Lambda

Overview

  • StreamAlert utilizes AWS Lambda for real-time data processing and alerting
  • AWS Lambda lets us run code without needing to provision or manage servers
  • A Lambda function is created for each cluster you define

Each StreamAlert cluster creates two Lambda functions:

  • rule_processor: Analyze incoming logs against rules in real time
  • alert_processor: Deliver alerts to designated outputs

Concepts

Per Cluster Lambda Settings

stream_alert is the main configuration module which manages:

  1. Lambda Functions for rule and alert processing
  2. IAM roles and policies
  3. SNS topic for alerts

Template:

conf/clusters/cluster-name.json
{
  "stream_alert": {
    "alert_processor": {
      "timeout": 25,
      "log_level": "info",
      "memory": 128,
      "current_version": "$LATEST",
      "outputs": {
        "aws-s3": [],
        "aws-lambda": []
      }
    },
    "rule_processor": {
      "timeout": 10,
      "log_level": "debug",
      "memory": 256,
      "current_version": "$LATEST"
    }
  }
}

Options:

Key Required Description
timeout Yes The time (in seconds) the Lambda function is allowed to process an incoming record. The timeout can be set to any value between 1 and 300 seconds.
memory Yes The amount of memory allocated for the Lambda function execution.
log_level No The log level for the Lambda function, can be either info or debug.

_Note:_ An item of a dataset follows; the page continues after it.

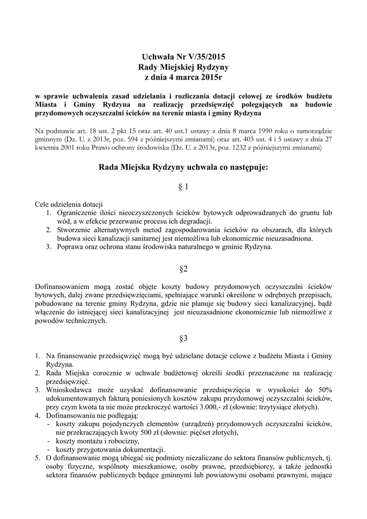 Uchwała Nr V/35/2015 Rady Miejskiej Rydzyny z dnia 4 marca 2015r w sprawie uchwalenia zasad udzielania i rozliczania dotacji celowej ze środków budŜetu Miasta i Gminy Rydzyna na realizację przedsięwzięć polegających na budowie przydomowych oczyszczalni ścieków na terenie miasta i gminy Rydzyna Na podstawie art. 18 ust. 2 pkt 15 oraz art. 40 ust.1 ustawy z dnia 8 marca 1990 roku o samorządzie gminnym (Dz. U. z 2013r, poz. 594 z późniejszymi zmianami) oraz art. 403 ust. 4 i 5 ustawy z dnia 27 kwietnia 2001 roku Prawo ochrony środowiska (Dz. U. z 2013r, poz. 1232 z późniejszymi zmianami) Rada Miejska Rydzyny uchwala co następuje: §1 Cele udzielenia dotacji 1. Ograniczenie ilości nieoczyszczonych ścieków bytowych odprowadzanych do gruntu lub wód, a w efekcie przerwanie procesu ich degradacji. 2. Stworzenie alternatywnych metod zagospodarowania ścieków na obszarach, dla których budowa sieci kanalizacji sanitarnej jest niemoŜliwa lub ekonomicznie nieuzasadniona. 3. Poprawa oraz ochrona stanu środowiska naturalnego w gminie Rydzyna. §2 Dofinansowaniem mogą zostać objęte koszty budowy przydomowych oczyszczalni ścieków bytowych, dalej zwane przedsięwzięciami, spełniające warunki określone w odrębnych przepisach, pobudowane na terenie gminy Rydzyna, gdzie nie planuje się budowy sieci kanalizacyjnej, bądź włączenie do istniejącej sieci kanalizacyjnej jest nieuzasadnione ekonomicznie lub niemoŜliwe z powodów technicznych. §3 1. Na finansowanie przedsięwzięć mogą być udzielane dotacje celowe z budŜetu Miasta i Gminy Rydzyna. 2. Rada Miejska corocznie w uchwale budŜetowej określi środki przeznaczone na realizację przedsięwzięć. 3. Wnioskodawca moŜe uzyskać dofinansowanie przedsięwzięcia w wysokości do 50% udokumentowanych fakturą poniesionych kosztów zakupu przydomowej oczyszczalni ścieków, przy czym kwota ta nie moŜe przekroczyć wartości 3.000,- zł (słownie: trzytysiące złotych). 4. Dofinansowaniu nie podlegają: - koszty zakupu pojedynczych elementów (urządzeń) przydomowych oczyszczalni ścieków, nie przekraczających kwoty 500 zł (słownie: pięćset złotych), - koszty montaŜu i robocizny, - koszty przygotowania dokumentacji. 5. O dofinansowanie mogą ubiegać się podmioty niezaliczane do sektora finansów publicznych, tj. osoby fizyczne, wspólnoty mieszkaniowe, osoby prawne, przedsiębiorcy, a takŜe jednostki sektora finansów publicznych będące gminnymi lub powiatowymi osobami prawnymi, mające tytuł prawny do nieruchomości zlokalizowanej na terenie miasta i gminy Rydzyna. W przypadku posiadania innego tytułu prawnego niŜ własność, naleŜy dołączyć zgodę właściciela nieruchomości. JeŜeli nieruchomość znajduje się we współwłasności, wymagana jest zgoda wszystkich współwłaścicieli na budowę oczyszczalni oraz oświadczenie o wyraŜeniu zgody na wypłacenie dofinansowania jednemu z współwłaścicieli ponoszącemu koszty budowy, zgodnie z drukiem stanowiącym załącznik nr 1 do uchwały 6. Istnieje moŜliwość przyznania dotacji na budowę oczyszczalni ścieków obsługujących większą liczbę nieruchomości. W takim przypadku wniosek powinna złoŜyć osoba, która posiada tytuł prawny do nieruchomości, na której znajdować się będzie oczyszczalnia. Do wniosku naleŜy dołączyć dokument z potwierdzeniem zamiaru współuczestnictwa pozostałych uŜytkowników oczyszczalni ścieków w realizacji przedsięwzięcia. 7. Uzyskanie dotacji w jednym roku nie blokuje moŜliwości składania wniosku w latach kolejnych, jeśli zamierzona inwestycja dotyczyć będzie innej nieruchomości. 8. Dofinansowaniem mogą być objęte wyłącznie systemy oczyszczania ścieków bytowych, których przepustowość nie przekracza 5m³/dobę. §4 1. 2. 3. 4. 5. 6. 7. 8. Wzór wniosku o przyznanie dotacji celowej na realizację przedsięwzięć polegających na budowie przydomowych oczyszczalni ścieków na terenie miasta i gminy Rydzyna, stanowi załącznik nr 2 do niniejszej uchwały. Pisemny wniosek o przyznanie dotacji celowej wraz z załącznikami naleŜy złoŜyć w Urzędzie Miasta i Gminy Rydzyna na odpowiednim formularzu do dnia 30 października danego roku. Wnioski, które zostaną złoŜone po dniu 30 października, będą rozpatrywane w roku kolejnym. Wnioski niekompletne nie będą rozpatrywane do czasu ich uzupełnienia. Wniosek jest kompletny jeŜeli został właściwie wypełniony i zawiera wszystkie niezbędne informacje oraz dokumenty (określone w niniejszych zasadach) pozwalające na jego rozpatrzenie. Do wniosku naleŜy dołączyć: a) kserokopię tytułu prawnego do władania nieruchomością, b) oświadczenie o którym mowa w § 3 ust 5, c) kserokopię faktury wraz z oryginałem (do wglądu) określającą wartość zakupionych urządzeń oczyszczalni ścieków, d) opis techniczny przydomowej oczyszczalni ścieków, e) aprobatę techniczną przydomowej oczyszczalni ścieków f) kopię mapy lub szkicu sytuacyjnego z zaznaczeniem pobudowanej oczyszczalni, g) dokument potwierdzający dokonanie zgłoszenia Staroście Leszczyńskiemu zamiaru prowadzenia robót budowlanych budowy przydomowej oczyszczalni ścieków. O kolejności udzielenia dotacji decyduje kolejność złoŜonych wniosków. Burmistrz Miasta i Gminy Rydzyna działający w imieniu gminy, po dokonaniu oceny spełnienia warunków, moŜe zawrzeć z wnioskującym umowę o przyznanie dotacji celowej. Wniosek, który spełnił warunki dofinansowania, a który w danym roku budŜetowym z uwagi na wyczerpanie środków przeznaczonych na ten cel takiego dofinansowania nie otrzymał, moŜe zostać rozpatrzony w następnym roku budŜetowym, bez prawa do odsetek za zwłokę w realizacji dofinansowania. Przed udzieleniem dofinansowania zostanie przeprowadzona kontrola zgodności zabudowy urządzeń przydomowej oczyszczalni ścieków z dokonanymi zgłoszeniami i obowiązującymi przepisami. Rozliczenie dotacji następować będzie p

Default is info, but enabling debug can help with diagnosing errors in each function.
current_version Yes The most current published version of the Lambda function.
outputs Yes A collection of S3 bucket IDs or AWS Lambda function names to configure as valid outputs. By default, aws-s3 should contain the bucket created by the stream_alert module: prefix.cluster.streamalerts. Optionally, if the alert processor needs to invoke other Lambda functions from within your AWS account, specify a list of function names.

vpc_config

To enable StreamAlert’s Alert Processor to access resources inside a VPC, you must provide additional VPC-specific configuration information.

More information

Template:

conf/clusters/cluster-name.json
{
  "alert_processor": {
    "vpc_config": {
      "subnet_ids": [],
      "security_group_ids": []
    }
  }
}

Options:

Key Required Description
subnet_ids Yes A list of VPC subnet IDs to run the Alert Processor in
security_group_ids Yes A list of security group IDs to apply to the Alert Processor

inputs

StreamAlert’s Rule Processor can be configured to support SNS as an input data source.

Template:

conf/clusters/cluster-name.json
{
  "rule_processor": {
    "inputs": {
      "aws-sns:": []
    }
  }
}

Global Lambda Config

The conf/lambda.json configuration file controls common settings across all Lambda functions.

Template:

conf/lambda.json
{
  "alert_processor_config": {
    "handler": "stream_alert.rule_processor.main.handler",
    "source_bucket": "prefix.streamalert.source",
    "source_current_hash": "auto_generated_hash",
    "source_object_key": "auto_generated_s3_object_key",
    "third_party_libraries": [
      "jsonpath_rw",
      "netaddr"
    ]
  },
  "rule_processor_config": {
    "handler": "stream_alert.rule_processor.main.handler",
    "source_bucket": "prefix.streamalert.source",
    "source_current_hash": "auto_generated_hash",
    "source_object_key": "auto_generated_s3_object_key",
    "third_party_libraries": []
  }
}

Options:

Key Required Description
source_bucket Yes The S3 bucket for uploading and storing the StreamAlert application code. Open variables.json and replace the prefix with your company name.
source_current_hash Yes The checksum of the currently running Lambda function. Used for version publishing.
source_object_key Yes The full path in S3 to the currently running Lambda function source code zip.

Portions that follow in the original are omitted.